Ireland’s government has not been shy about proclaiming its commitment to human rights. “We will require all public bodies to take due note of equality and human rights in carrying out their functions”, declared the Programme for Government published by Fine Gael and Labour last year. A few months later, in October, the government told the United Nations Human Rights Council that there was “no room for moral relativism or selectivity” in this regard, and that “respect for dignity and human rights” was “the incontestable baseline of decent politics everywhere”.

These are laudable words, but such annunciations have little meaning if they are not reflected in the design and implementation of social and economic policy. All too often, such affirmations belie policy programmes that take little account of the actual requirements of human rights law. Moreover, the context of an economic crisis makes it all the more important that proper protection be afforded to basic human rights, as it is precisely in such a situation that vulnerable groups are most exposed to violations. The question, then, is whether the Irish Government’s actions are in step with its rhetorical commitment to human rights. An analysis of the recovery measures deployed since the financial crisis took hold suggests they are not.

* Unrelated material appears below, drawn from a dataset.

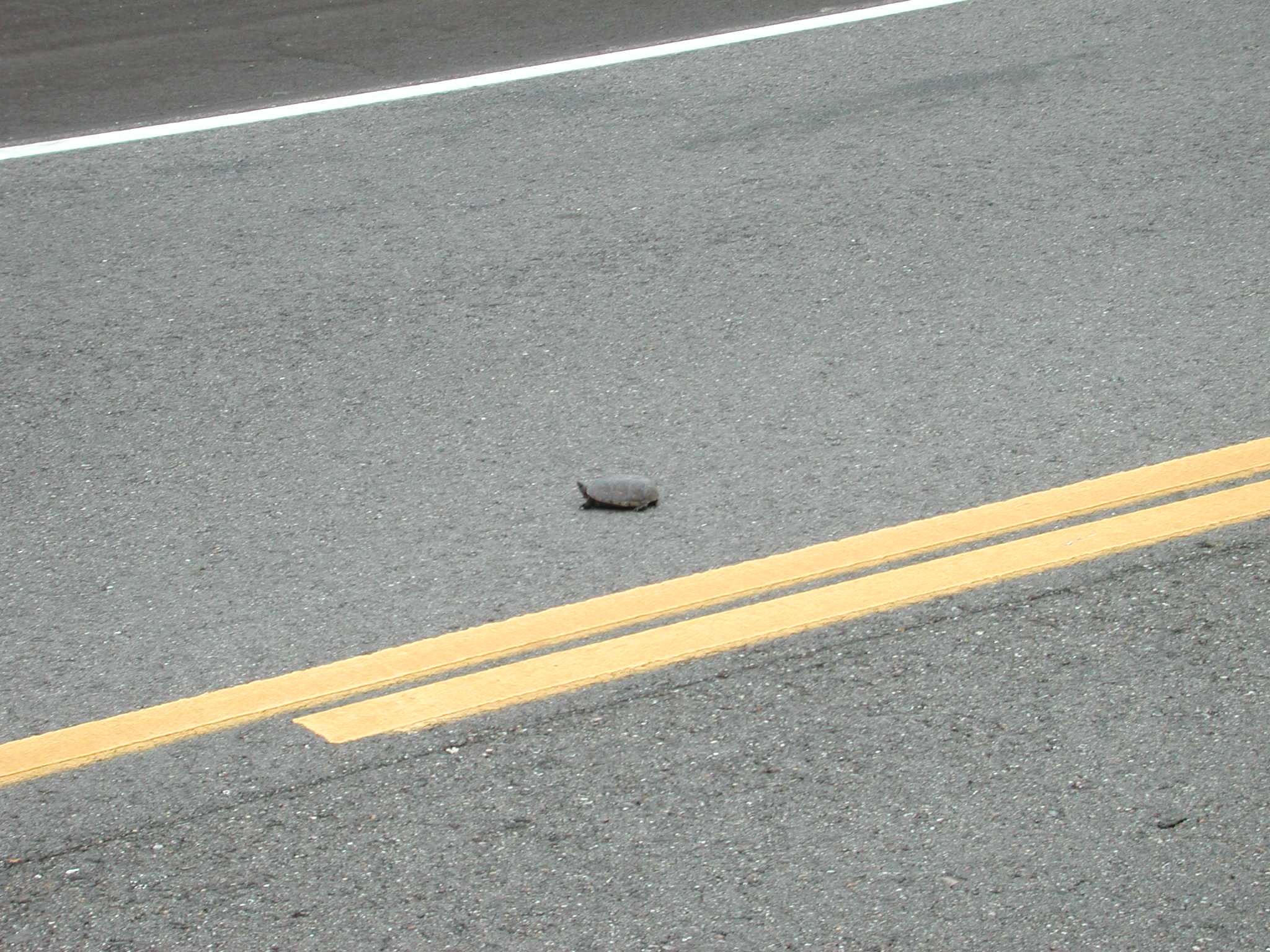 On our way to the swamp tour, Kat spotted this turtle trying to cross the road. It had gotten a little more than halfway.

In October 1974, Ireland ratified the International Covenant on Economic, Social and Cultural Rights (ICESCR), and in so doing took on an obligation to dedicate the “maximum of available resources” to protecting the economic and social rights of people living within its borders. International law states that these rights, which include the right to employment, housing, health, education and an adequate standard of living, must be realised progressively and without any unnecessary backsliding, or “retrogression”. Needless to say, the country’s protracted economic crisis has taken a heavy toll on these rights, with poverty levels rising fast, just as the queues at unemployment offices grow and thousands of families find themselves unable to make payments on unsustainable mortgages.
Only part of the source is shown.